Good: precompute tile keys for the current viewport + 1 buffer ring. Cache in memory by tileKey. Use HTTP/2 for multiplexed requests. LRU eviction capped at ~500 tiles.
Great: WebWorker parses vector tiles off the main thread. Progressive rendering — draw the lower-zoom tile under the higher-zoom tile so the user sees something immediately. Prefetch tiles in the direction of user pan momentum. Service Worker caches tiles per-version in Cache Storage.

2. Infinite canvas / gestures

Bad: listen to wheel and mousedown and translate div on every event. Layout thrash, jank.
Good: canvas or WebGL. Gesture controller integrates velocity; rAF loop applies the current transform. Hit-testing via a quadtree.
Great: GPU transforms only; avoid Layout. Decouple input thread from render thread with a shared transform atomic. At zoom transitions, cross-fade old and new tile sets over 150 ms for subjective smoothness.

3. Marker clustering at 100k scale

Bad: render all markers. Browser dies at 10k DOM nodes.
Good: Supercluster-style grid clustering. Compute clusters per zoom at ingest time; client consumes pre-clustered GeoJSON.
Great: GPU instancing on WebGL — one draw call for all markers. Clustering happens in a WebWorker; the main thread only renders. Incremental updates on pan so only the new viewport region gets re-clustered.

Frontend Considerations

Rendering: WebGL via MapLibre / Mapbox GL for vector; fallback to canvas for low-end devices.
State: React for chrome (side panel, search box), imperative canvas for map. Do not put tile state in React state — re-renders will kill frame budget.
Gestures: PointerEvents, momentum via requestAnimationFrame. Pinch-to-zoom on touch.
Perf budgets: 16.67 ms per frame; profile with Performance panel Frame Rendering Stats.
A11y: keyboard pan (arrow keys), zoom (+/−), list view fallback for screen readers.

What's Expected at Each Level

SMTS: tile cache strategy, gesture perf, vector tile reasoning, marker clustering.
Lead: WebWorker architecture, progressive rendering, CDN versioning.
Staff: data freshness, global edge topology, cost of pre-rendering.
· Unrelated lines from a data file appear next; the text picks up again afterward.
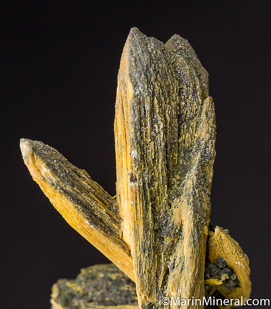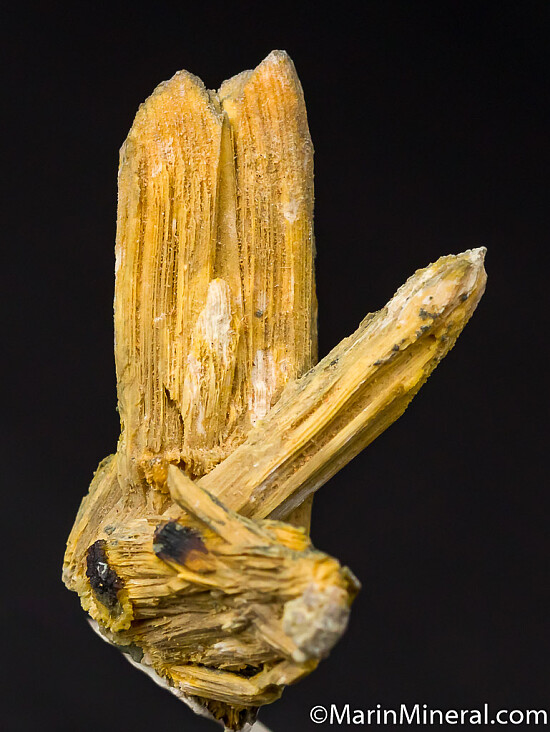 Yellowish Stibiconite that has replaced crystals of Stibnite. A flaoter group of undamaged crystals with no points of contact. For what this is, inthis size range, it's really good. Ex. Chuck Trantham collection.
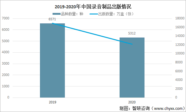 2020年中國共出版錄音制品5312種,較2019年減少了1259種,同比減少19.16%,出版數量共計12194.67萬盒(張),較2019年減少了4737.26萬盒(張),同比減少27.98%。
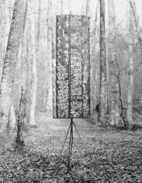 Imágenes de Perejaume reproducidas sin su consentimiento. El primero es un paisaje tapizado con cuadros y el segundo es un postalero lleno de pequeños espejos que reflejan el bosque que los rodea. La idea del viajero coleccionista procede de la tan fascinante como neurótica Estrella de Diego, profesora de arte contemporáneo de la UCM.

3. Design Notification Service

Reported Frequency: Very common. Pure backend HLD.

Problem

Multi-channel notification service: email, SMS, push (FCM/APNs), in-app. Per-user preferences per channel per category. Rate limits per user. Durable, idempotent, retryable. Multi-tenant.

Clarifying Questions

You: "Who's the caller — internal services or external?" — Interviewer: "Internal services publish notification intents."
You: "Latency target?" — Interviewer: "Transactional in 10s P99, marketing can be minutes."
You: "Do we de-dup?" — Interviewer: "Yes, based on idempotency key."
You: "Templates?" — Interviewer: "Server-rendered with variables."
You: "Opt-out granularity?" — Interviewer: "Per channel per category per tenant."
You: "Scale?" — Interviewer: "1B notifications/day at steady state."

Functional Requirements

Accept notification intents with recipient, template, channel preferences, priority.
Resolve recipient preferences.
Render templates.
Dispatch through channel providers.
Retry with backoff.
De-dup by idempotency key.
Observability — delivery state queryable.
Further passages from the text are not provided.